あまりに正攻法ではないやりように、奇策を好まない関羽は少々おかんむりだとも聞くが、劉備は面白がっている。
諸葛亮も実は奇襲をよくするという戦いぶりには興味がある。そうとは言い出せないが。


「今日の件、劉備様にご報告を。我が君にお許しいただければ、軍馬の調達に使ってもよろしい」
「そうか!」
魏延はぱっと目を輝かせた。
武官はたいてい馬が好きだが、この漢もそうらしい。
「では軍師、千頭ほど良馬を頼む。それから俺の馬は、自分で選びたい」
「お許しがいただけたら、と言ったでしょう。それに千頭なんて、とても」
「では8百頭」
「いいところ百頭ですね」
「くそ、どこかに金は落ちておらんのか。江賊にでもなったほうが早いか」
諸葛亮は失笑した。
「その悪党面で、江賊?似合い過ぎてすぐばれそうですので、このまま劉軍にいたいのならやめて下さい」
「誰が悪党面だ!俺は漢室の再興を誓う劉軍の将であるぞ」
「それに今この時期に江賊など。周都督の水軍に完膚なきまでに滅ぼされましょう」
「負けるものか、と言いたいところだが、あの水軍を相手にするには分が悪いな―――ま、護衛がおらぬと軍師殿が困るであろうから、やめておいてやろう」
「はは、」
「俺は有能な護衛であろうが」
「ん?――ええ、まあ、」
「役に立っておるだろう?」
またじゃらじゃらと大金入りの箱を鳴らすのが催促されているようで、諸葛亮は歩きながらぱたぱたと扇をそよがせた。
「ええ、ええ、はい、はい。そうですね」
「繰り返されると嘘くさいものだ」
若干ふてくされたように言うので、まさか褒められたいのか、とちらりと横を見る。わたしが褒めると嬉しいのか、いやまさか。

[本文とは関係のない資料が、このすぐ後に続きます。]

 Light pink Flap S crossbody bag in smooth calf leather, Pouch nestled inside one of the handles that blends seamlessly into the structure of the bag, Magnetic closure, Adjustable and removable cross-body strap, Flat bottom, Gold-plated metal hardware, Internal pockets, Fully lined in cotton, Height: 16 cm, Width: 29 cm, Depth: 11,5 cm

事実としては、助かっているというのが正しい。偉そうで図々しい言動に閉口することも多々あるが、存外に器用で、兵や下の者を使うのが上手い。
「ええ、実は助かっています」
「、――!」
悪辣な感じがする凶相が、ぱっと振り返る。え、と思う間もなく、勢いよく逆側を向いてしまった。
興味が湧いて武官衣をまとった腕に手を掛けた。
「まさかと思いますが、照れています?」
覗き込むが、表情をみせまいと顔をそむけられた。
腕にかけたまま扇の柄で腹をつつくと、そっぽを向いたまま
「子どもっぽい真似はやめられよ」
と言うが、そっちだって十分こどもっぽいぞ、と呆れてしまう。

これが主公であれば、照れた時などはふくよかな耳たぶが赤く染まるので分かりやすいのだが。元々肌の色が濃いのであろう上に赤銅色に日焼けした男の肌色は、朱に染まっているのかどうか分からない。

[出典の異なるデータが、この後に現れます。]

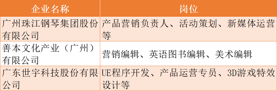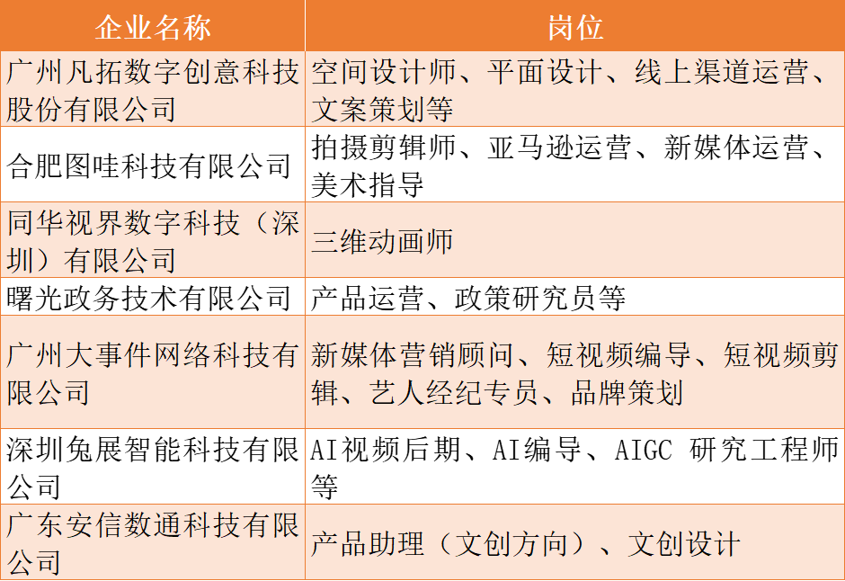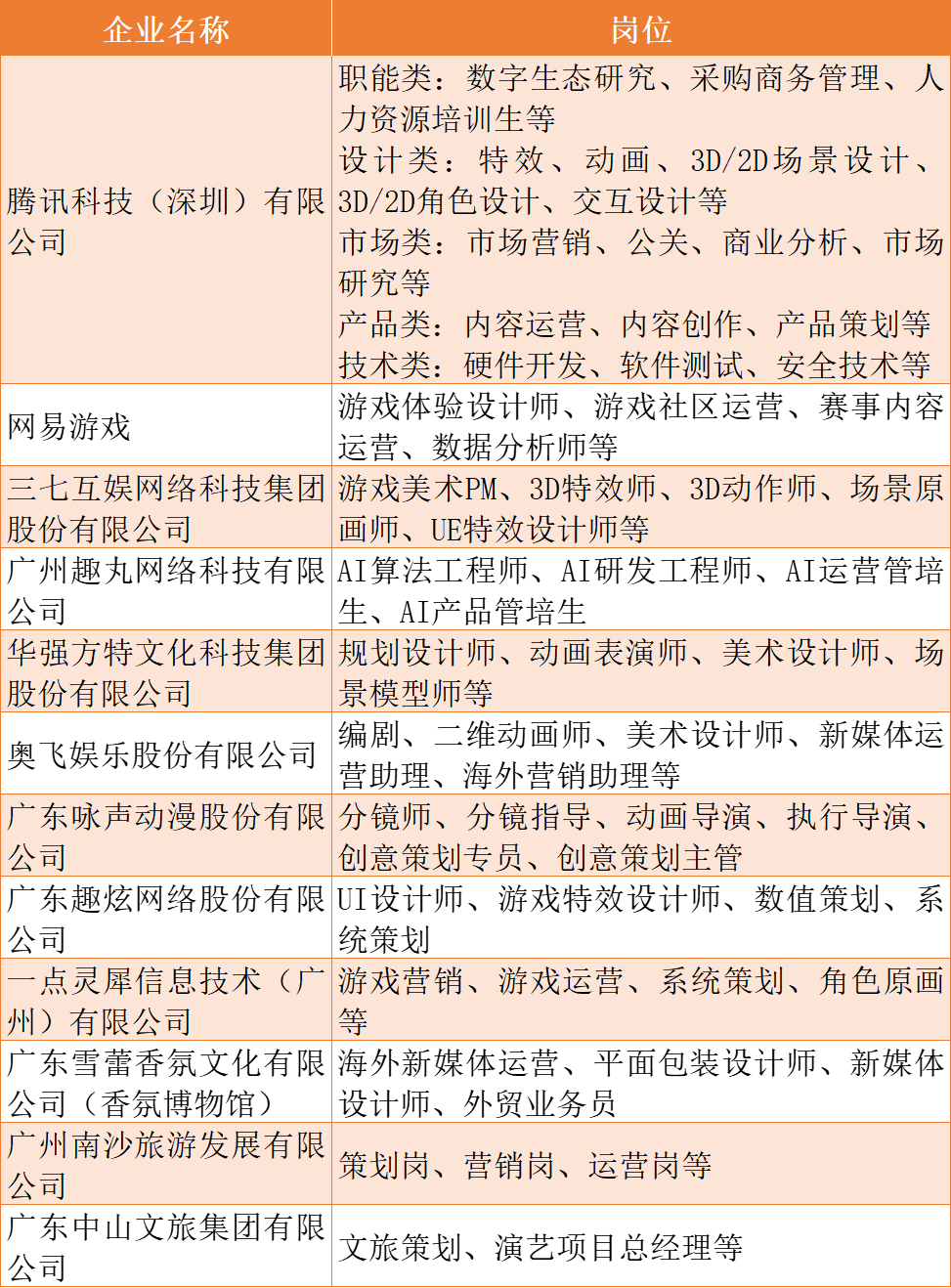 线上线下汇聚百余家广东重点文化产业企业,覆盖影视、演艺市场、动漫影视、网络游戏、电子竞技、网络视听6大核心领域,无论是应届生、留学生,还是想转行的从业者,都能找到适配的岗位!

だけどまあ、褒められれば誰だってうれしいものであろう。
諸葛亮だとて主公にお褒めいただけばうれしいし、張り合いが出る。
頑張っている事に対しては賞賛するべきである。
「そなたの武勇と機知は、頼もしい。頼みにしています」
よけいな口数はたいそう多い男であるのに、その日はむっつりと黙り込んでしまったのだった。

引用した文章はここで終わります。